Prefiero recordar a Sandie anhelando ser una morsa. Con su piel bien gruesa para resistir a los rayos sociosolares. Con sus grandes colmillos para masticar este mundo de cuerpos normales corporativos. Con su tamaña desmesura, al igual que su corazón bailante. Haciendo de las zonzas -pero hirientes- burlas por su tap disidente, la banda de sonido de las pesadillas de un grupo de adolescentes. Voy a totemizar su recuerdo en su par de aletas torpes, inútiles para teclados, pero capaces de bucear en las profundidades más frías y oscuras. Ternura disca. Ternura monstruo. Ternura robot. Ternura animal.

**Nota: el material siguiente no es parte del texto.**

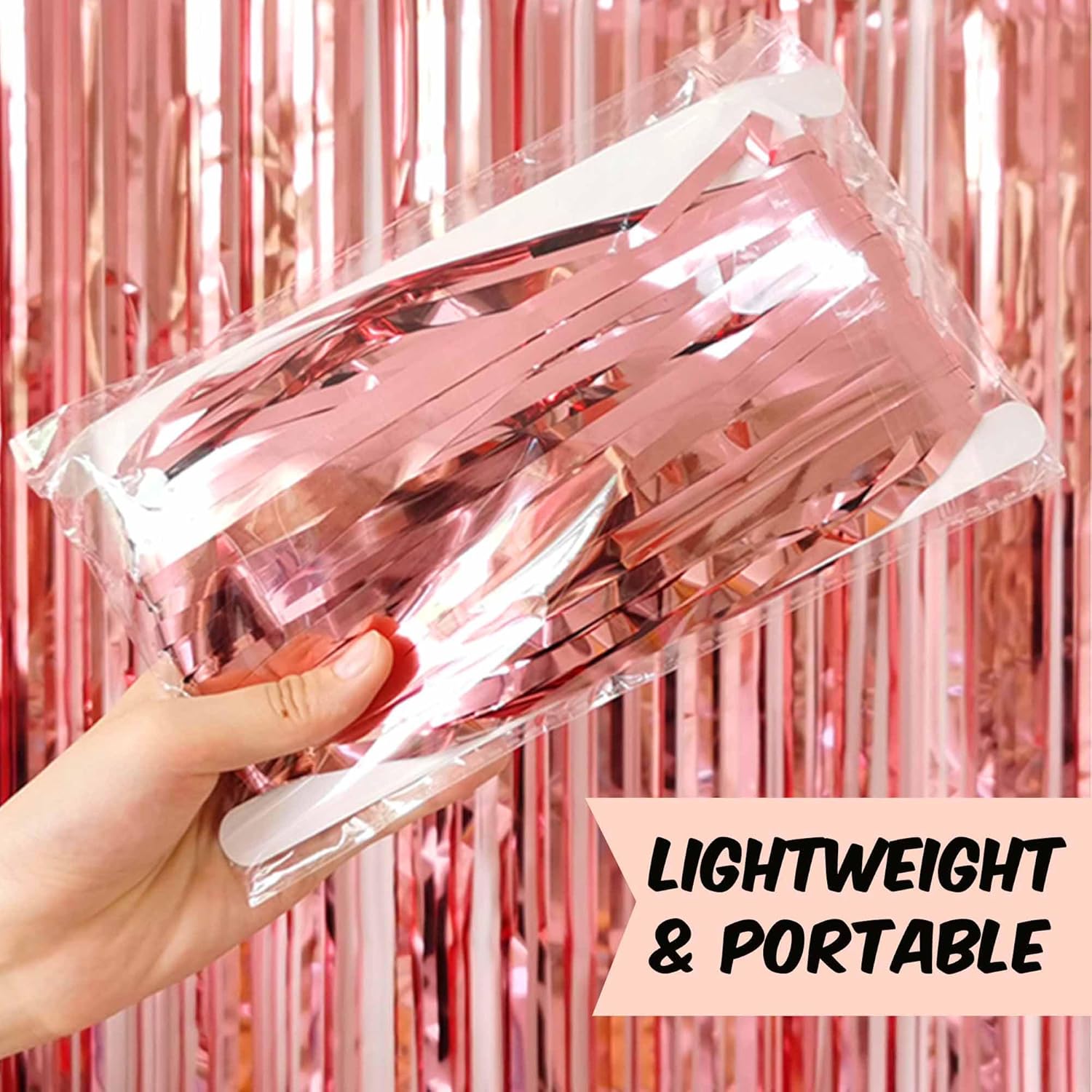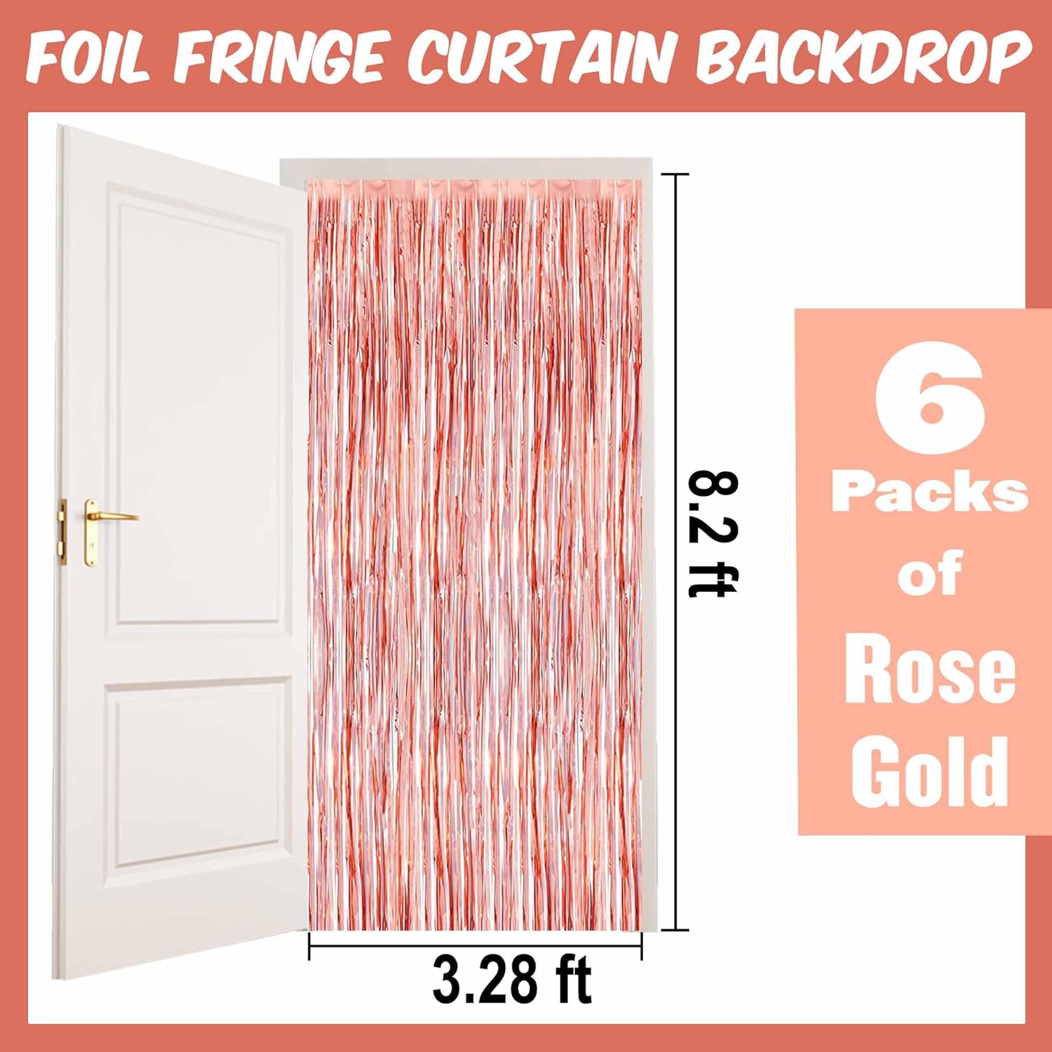 6 Pack Rose Gold Foil Fringe Curtains Backdrop, 3.28 x 8.2 Ft Metallic Streamers Tinsel Curtains Background for Photo Booth, Birthday, Weddings, Carnivals, Graduation, Themed Party Decorations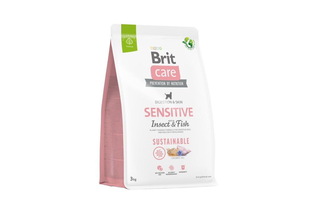 Βρείτε τη Brit Care Dog Sustainable Sensitive για σκύλους που είναι επιρρεπείς σε δερματικά και πεπτικά προβλήματα, διαθέσιμη σε συσκευασίες 1kg, 3kg και 12kg.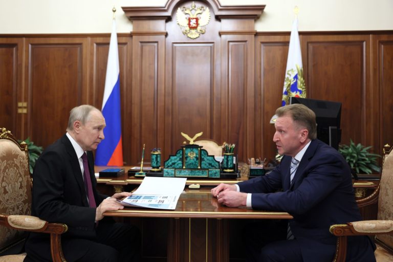 Ruský prezident Vladimir Putin na stretnutí v Kremli s Igorom Šuvalovom, predsedom ruskej štátnej rozvojovej korporácie VEB.RF. Foto: SITA/ Gavriil Grigorov, Sputnik, Kremlin Pool Photo via AP

Y a los que todavía los persiguen las risitas cómplices en sus sucias conciencias anodinas, y la recuerdan con lástima por el “homenaje” que alguien le hizo hace 13 años, 3 meses y 20 días, sepan que está del otro lado de la pantalla, vibrando a carcajadas, y observando con sus amables ojos agudos, el mundo hediondo en el que nos toca quedarnos. Escuchamos el llanto silencioso, anónimo y miserable de quien la catapultó a la fama.